After subjecting the mice to a battery of tests designed to induce pain, the researchers found varying doses of nerolidol to be effective at reducing pain. They raise the possibility that the terpene might achieve these effects through the GABAergic system—a network involved in the creation and metabolism of the neurotransmitter GABA.
GABA neurons are associated with regulating the control of sensory information in the spine, and the neurotransmitter plays a role in the mediation and perception of pain. The researchers also found nerolidol to reduce the production of inflammatory molecules—including interleukins—in a mouse model of inflammation.
Numerous animal studies suggest that nerolidol might help to reduce tumour size and occurrence. One study, published in the journal Carcinogenesis, tested these effects on mice exposed to a potent carcinogen that promotes tumour growth in the colon.
Researchers observed that mice fed nerolidol showed a reduction in intestinal tumours. The numbers plummeted from 82 to 33%. The authors of the paper state that “The effects of nerolidol are of interest in terms of the identification of a new inhibitor of carcinogenesis of the large bowel”.
Another study explored the antitumour effects of the essential oil of Zornia brasiliensis, a plant high in nerolidol and other terpenes. Researchers administered the oil to mice and found it to reduce tumour growth by rates of 1.68–38.61%.
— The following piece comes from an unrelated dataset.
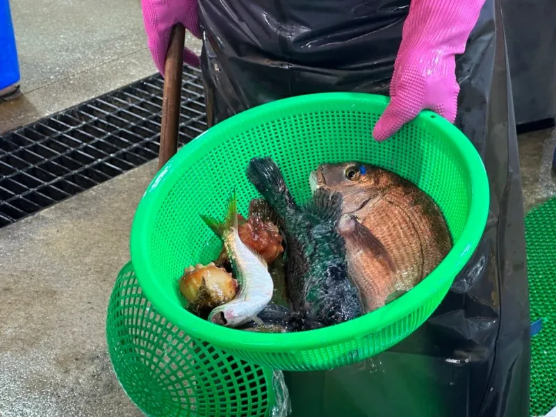 구경하는 도중에 모듬회 한 바구니가 손님들에게 선택되었네요.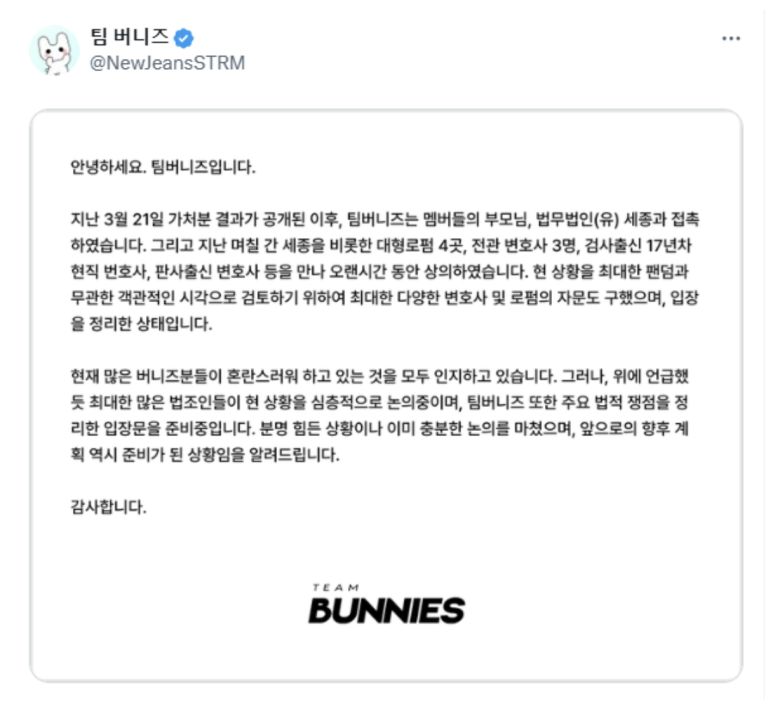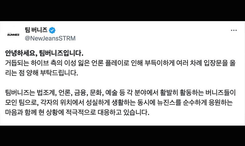 하지만 팀버니즈의 행보는 뉴진스 공식 팬덤인 '버니즈' 사이에서도 논란의 대상이다. 버니즈 일부 팬덤은 하이브에 "팀버니즈는 팬덤 전체의 의견이 아니다"며 해명하기도 했다.

• Antioxidant and neuroprotective
As an antioxidant, nerolidol might be able to defend against oxidative stress and subsequent DNA damage. Several cell studies demonstrate the potent antioxidant activity of nerolidol, as well as the terpene’s ability to counter the effects of free radicals. The molecule appears to be capable of protecting lipids, proteins, and DNA from oxidative damage.
An animal study suggests that these antioxidant effects might produce neuroprotective properties. The researchers observed the effects of nerolidol against oxidation in the hippocampus of mice. The terpene catalysed a protective effect by boosting the production of antioxidant enzymes, scavenging free radicals, and preventing lipid peroxidation.
Nerolidol might play a role in the future treatment of gastric ulcers. The condition affects millions of people annually and has multiple causes. Certain strains of bacteria and non-steroidal anti-inflammatory drugs (NSAIDs) often trigger them. However, factors such as smoking and stress contribute to their development.
A 2014 study tested the effects of nerolidol on different experimental ulcer models in mice. The researchers found the terpene to produce a significant reduction in stress-induced ulcers. The terpene also inhibited ethanol-induced ulcers by 52.63% when delivered in a dose of 250mg/kg, and by 87.63% at a dose of 500mg/kg. Nerolidol also significantly inhibited ulcers caused by the NSAID indomethacin.
The researchers concluded that their findings suggest nerolidol could be used in gastroprotective and antiulcer treatments.